## WHAT YOU NEED TO DO
Exactly as written, output each of the lines below, with no images.

BEGIN RAW DATA

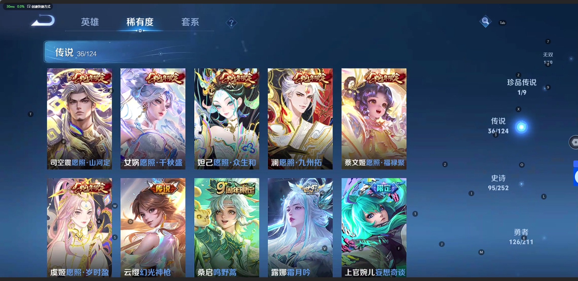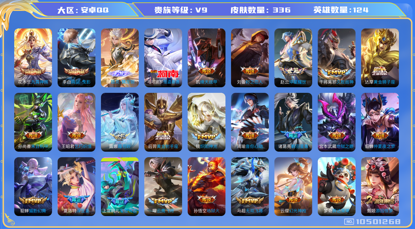 [10501268]v9 2典藏 1无双 1珍品传说 36传说 124英雄 336皮肤 可修改实名 荣耀水晶:鸣剑·曳影九霄神辉木兰典藏 无双皮:器灵·螭龙剑 珍品传说:怪盗基德 传说皮:幻光神呛黄金狮子座黄金射手座地狱火仲夏夜之梦大飞蛾地狱之眼末日机甲-孙尚香绿蚂蚱淬星耀世久胜战神猫影幻舞云鹰飞将小将军炽阳神光无双飞将音你心动-周瑜胖达荣荣乞巧织情时之恋人-刘备电焊工绛天战甲鸡嘴战神浮生妄鹤羽星尊妄想奇谈霜月吟 珍宝阁皮:妄想食味女武神玩趣恶龙 限定皮:愿照·九州拓澜年限愿照·福禄聚蔡文姬年限愿照·岁时盈虞姬年限愿照·山河定司空震年限愿照·众生和妲己年限愿照·千秋盛女娲年限逐霄战戟鸣野蒿至尊宝凤求凰白切鸡凤凰于飞太华伽罗年限绯月行神威电光马子飞衡韩信年限高山流水诗剑行五谷丰年游园惊梦梁祝御风骁将吕布年限天狼狩猎者岱宗典韦年限天狼溯光者天狼征服者祈雪灵祝雪兔子李小龙玄武志苏烈年限朱雀志守约年限永曜之星一生所爱冰霜恋舞曲蜜橘之夏 史诗皮:石田雨龙谪仙醉月百相守梦-百里守约茶境仙绮世丹青化蝶舞紫霞仙子苍穹之光电玩小子小书包白龙吟黄金分割率特工魅影千年之狐青蛇冰冠公主江河有灵高渐离燃音魔法蒙恬荣光圣徽偶像歌手晚萤龙骑士小龙虾魅语暗夜猫娘猫狗日记-孙策猫狗日记-大乔时之恋人-孙尚香乱世虎臣节奏热浪女仆咖啡摇滚巨星水果甜心绅士熊喵天才门将星夜王子心灵骇客功夫厨神德古拉伯爵暗隐猎兽者幽灵船长鬼剑武藏暗渊魔法心灵战警舞动绿茵地狱岩魂纤云弄巧繁星吟游呼啦呼啦缤纷独角兽乘风破浪逐浪之夏水晶猎龙者曙光守护者金属风暴原初追逐者圣诞狂欢圣诞恋歌鹰眼统帅王者之锤黎明之约无心未来纪元-赵云
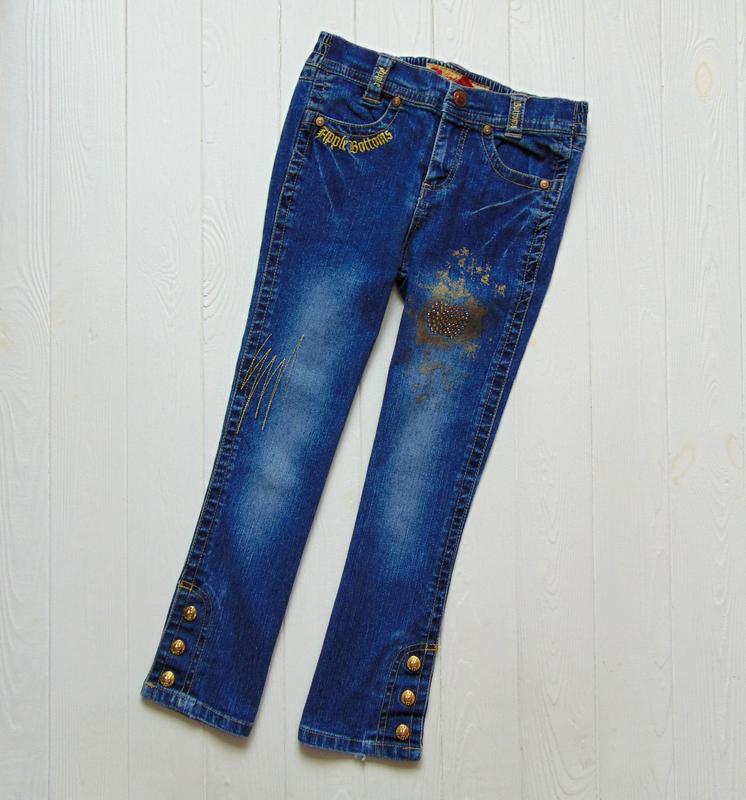 Стильные джинсы для девочки. Декорированы стразами. Материал тянется. Пояс на резинке, тянется. Шикарное качество. Apple bottoms. Размер 6 лет. Состояние: идеальное. Состав: 55% ramie, 27% хлопок, 17% полиэстер, 1% спандекс. Замеры: длина 71 см, шаговый шов 50 см, талия 30Х2 см, тянется до 38Х2 см, бёдра 35Х2 см, ширина штанины в районе промежности 18 см, ширина штанины внизу 15 см, глубина посадки 22-25 см. Цена 170 грн.
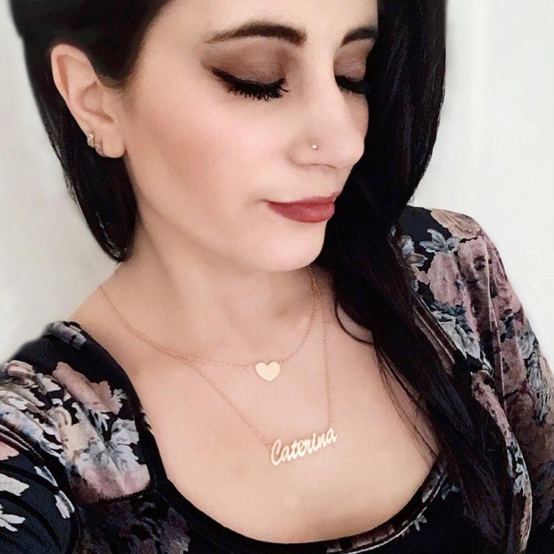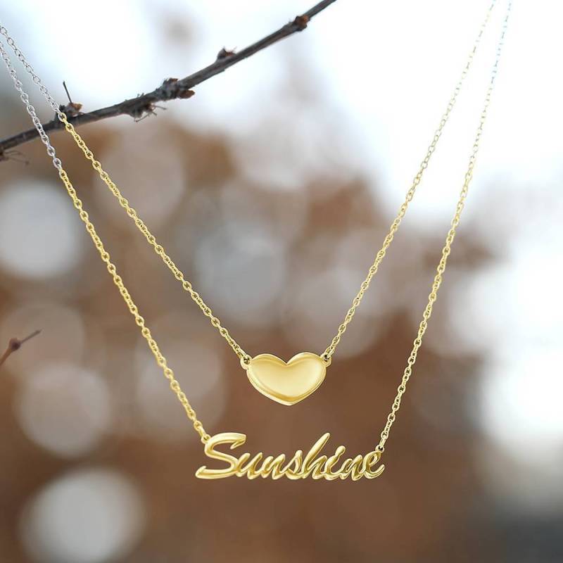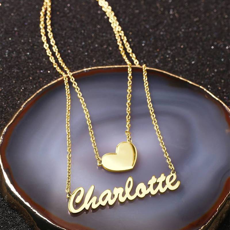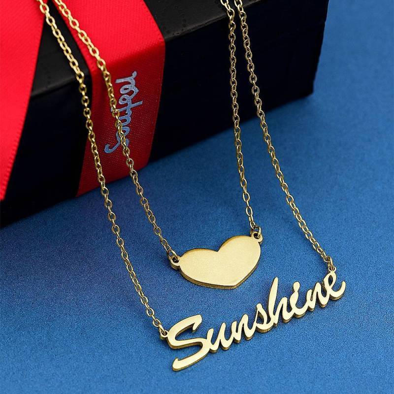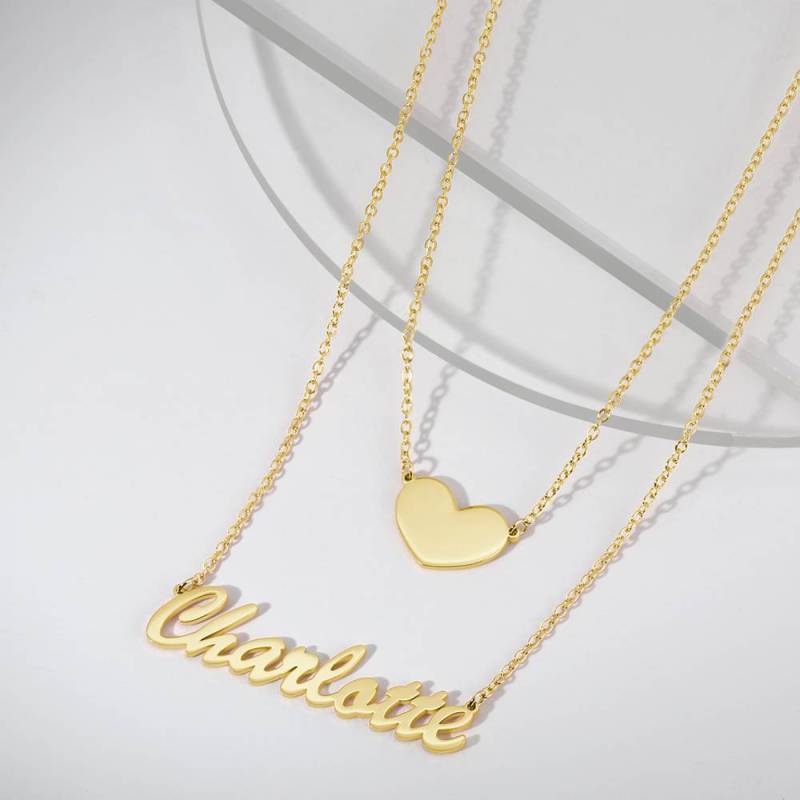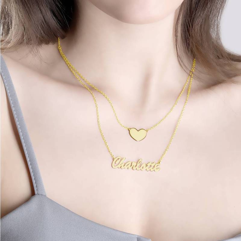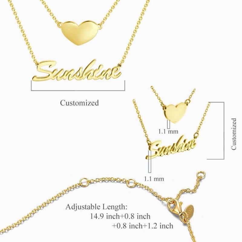 Zwei Schichten Personalisierte Herz Name Halskette 14K Gold Plattiert Silber

END RAW DATA

## REPLY
 [10501268]v9 2典藏 1无双 1珍品传说 36传说 124英雄 336皮肤 可修改实名 荣耀水晶:鸣剑·曳影九霄神辉木兰典藏 无双皮:器灵·螭龙剑 珍品传说:怪盗基德 传说皮:幻光神呛黄金狮子座黄金射手座地狱火仲夏夜之梦大飞蛾地狱之眼末日机甲-孙尚香绿蚂蚱淬星耀世久胜战神猫影幻舞云鹰飞将小将军炽阳神光无双飞将音你心动-周瑜胖达荣荣乞巧织情时之恋人-刘备电焊工绛天战甲鸡嘴战神浮生妄鹤羽星尊妄想奇谈霜月吟 珍宝阁皮:妄想食味女武神玩趣恶龙 限定皮:愿照·九州拓澜年限愿照·福禄聚蔡文姬年限愿照·岁时盈虞姬年限愿照·山河定司空震年限愿照·众生和妲己年限愿照·千秋盛女娲年限逐霄战戟鸣野蒿至尊宝凤求凰白切鸡凤凰于飞太华伽罗年限绯月行神威电光马子飞衡韩信年限高山流水诗剑行五谷丰年游园惊梦梁祝御风骁将吕布年限天狼狩猎者岱宗典韦年限天狼溯光者天狼征服者祈雪灵祝雪兔子李小龙玄武志苏烈年限朱雀志守约年限永曜之星一生所爱冰霜恋舞曲蜜橘之夏 史诗皮:石田雨龙谪仙醉月百相守梦-百里守约茶境仙绮世丹青化蝶舞紫霞仙子苍穹之光电玩小子小书包白龙吟黄金分割率特工魅影千年之狐青蛇冰冠公主江河有灵高渐离燃音魔法蒙恬荣光圣徽偶像歌手晚萤龙骑士小龙虾魅语暗夜猫娘猫狗日记-孙策猫狗日记-大乔时之恋人-孙尚香乱世虎臣节奏热浪女仆咖啡摇滚巨星水果甜心绅士熊喵天才门将星夜王子心灵骇客功夫厨神德古拉伯爵暗隐猎兽者幽灵船长鬼剑武藏暗渊魔法心灵战警舞动绿茵地狱岩魂纤云弄巧繁星吟游呼啦呼啦缤纷独角兽乘风破浪逐浪之夏水晶猎龙者曙光守护者金属风暴原初追逐者圣诞狂欢圣诞恋歌鹰眼统帅王者之锤黎明之约无心未来纪元-赵云
 Стильные джинсы для девочки. Декорированы стразами. Материал тянется. Пояс на резинке, тянется. Шикарное качество. Apple bottoms. Размер 6 лет. Состояние: идеальное. Состав: 55% ramie, 27% хлопок, 17% полиэстер, 1% спандекс. Замеры: длина 71 см, шаговый шов 50 см, талия 30Х2 см, тянется до 38Х2 см, бёдра 35Х2 см, ширина штанины в районе промежности 18 см, ширина штанины внизу 15 см, глубина посадки 22-25 см. Цена 170 грн.
 Zwei Schichten Personalisierte Herz Name Halskette 14K Gold Plattiert Silber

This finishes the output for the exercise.